■ Problem description:
Search the data below for "from" and report how many lines contain it, with no other text.

■ Dataset records:
--- START ---

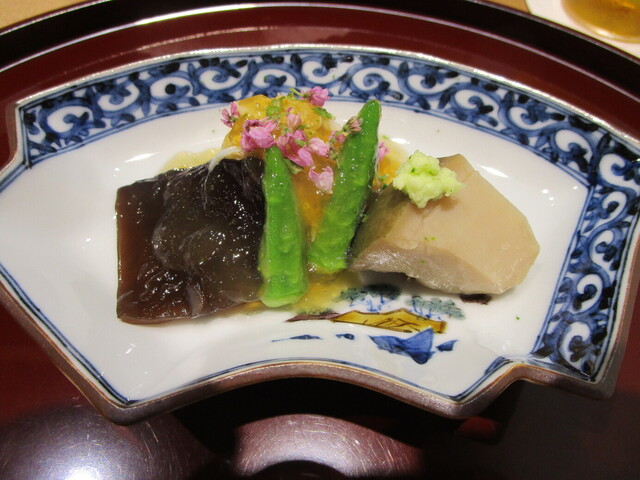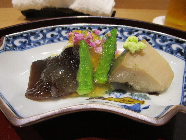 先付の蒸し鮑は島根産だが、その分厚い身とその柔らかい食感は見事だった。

--- END ---
--- START ---

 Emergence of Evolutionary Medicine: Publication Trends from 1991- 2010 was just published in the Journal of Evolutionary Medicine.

--- END ---
--- START ---

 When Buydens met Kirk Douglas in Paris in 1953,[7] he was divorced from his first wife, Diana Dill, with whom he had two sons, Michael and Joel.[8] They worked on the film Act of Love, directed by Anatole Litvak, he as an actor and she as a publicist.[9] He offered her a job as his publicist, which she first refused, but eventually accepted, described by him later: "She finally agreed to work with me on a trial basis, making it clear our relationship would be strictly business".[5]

--- END ---

■ Response for this exercise:
2